Post # 1
So…by now most of you have heard (or maybe not) that My Fiance planned my Destination Wedding to Jamaica as a surprise for me b/c I planned our first attempt and he was diagnosed with stomach cancer and we cancelled those plans…if you hadn’t heard…there you go.
So here is my etiquette issue. Should I tell my boss that I am planning on resigning in January??
Here’s the thing…I let him know that I was getting married the first time and he pretty much admitted that my raise for last year was less than what it would have been had I not been planning on resigning/getting married. So…when Fiance was diagnosed with cancer and we cancelled the wedding, I was pretty much working for less than I should have been.
So this time I don’t plan on saying anything until AFTER I am married….just in case something happens. Not that I think anything will, I am just overly cautious like that. Once bitten…and all that jazz.
So…am I wrong? Should I tell him in advance so that he can start grooming my replacement? I just got a promotion a couple of months ago and it seems like every week since he has been asking about my and FIs plans….are you leaving? you can’t leave. When are you getting married? You aren’t getting married over the holidays are you? On and on and on until I want to flip out and say stay the hockey pookey out of my ding dang personal business!!
Post # 3
I’m a little confused why getting married = resigning? Are you moving or something?
Post # 4
I hope that doesn’t sound rude, I’m just curious 🙂
I’m thinking you should let him know so he can find your replacement… but on the other hand, you only really need to give 2 weeks notice, so you could hold off!
Post # 5
I’d say give him more than 2 weeks notice, but don’t tell him yet. It in incredibly unprofessional, IMO, that he treated you differently in the first place because you tried to help him out by giving him advance notice about your impending resignation.
At the same time, this guy will be giving recommendations for you when you need them, so keep on his good side. When you do come clean, I’d be honest with him – “It was very difficult for me to choose to tell you early that I will be leaving to get married, because I felt that your treatment of me [not giving me the raise I deserved] when I thought I was getting married last year was unfair and unprofessional.”
Post # 6
No…not rude at all. My Fiance currently lives in Charleston, SC…I live in Charlotte, NC. Since he has the bigger house and the higher paying job(s) AND his family is 30 minutes from him, we decided that it would make more sense if my daughter and I moved…especially since we have NO family in Charlotte and a lot of my friends have relocated to other cities/states.
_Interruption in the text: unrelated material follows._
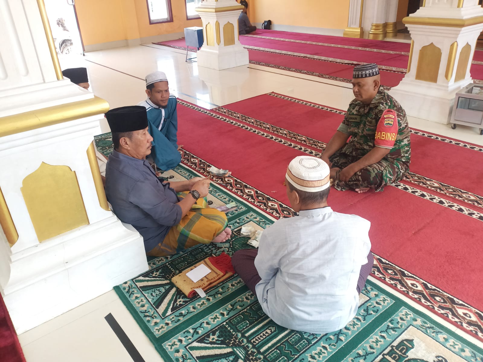 Bintara Pembina Desa (Babinsa) Koramil 06/Sukajadi Kodim 0301/PBR, Serka Toni Efendi menghadiri acara Halalbihalal di Masjid Baitul Arsy Delima Kelurahan Delima Kecamatan Binawidya, Rabu malam (17/05/2023) pukul 20.00.

My family is from SC as well so it was a pretty easy decision to make.
Post # 7
@jamaica – ohhhh ok 🙂 that makes sense now!
Post # 8
Give your two weeks, for someone who DISCRIMINATED against you when it came to pay, he deserves no more than that.
Post # 9
@daydream…I was planning on giving him notice as soon as I come back to the office (January 6th) and then working through the end of the month. I have also been secretly “grooming” my preferred replacement by having her run meetings, send out documentation, train team members etc. I do it under the guise of helping her grow professionally…but I have added urgency b/c I know my days are numbered.
Post # 10
I’d give him 2 weeks. HE jipped you once, and you don’t need to deal with that again.
Post # 11
@kjpugs & his barista…that’s EXACTLY what my Fiance said…LOL. He told me that I don’t owe them anything but 2 weeks notice…the end. He was furious when I told him about the raise situation last year. I LOVE my career and I want to make sure that I get good references when I need them…but sheesh…he is getting on my nerves with the asking me about wedding plans all the time. It’s gotten to the point where I dare not wear my e-ring to work. My Fiance put it back in the safe until we actually leave for Jamaica. I keep telling myself it’s only for a little while longer…but he is really sucking the joy out of my job with all the questions.
Post # 12
2 weeks notice is sufficient.
Post # 13
- Wedding: September 2009 - Barr Mansion
Based on everything you have said, 2 weeks notice is plenty.
Post # 14
I understand how you feel bc I am planning on getting trying to get pregnant next year and that affects a lot of things in my job. I keep having this urge to tell people when they talk about deployments that I am scheduled to do next year. Ultimately I decided there was no need to say anything until it is a reality.
Unfortunately you have already been treated unprofessionally based on the earlier incident and I suspect it would happen again.
All you need to do is be professional and give him two weeks notice.
Post # 15
Wow, I can’t believe he actually admitted that he didn’t give you as high of a raise as you deserved. Especially when your Fiance had stomach cancer. Not. Nice. 2 weeks would be more than enough… giving him til the end of the month is more than generous!
Post # 16
2 weeks is more than enough. ESP since you are already training a replacement (MUCH MUCH nicer than I would have been in this situation!)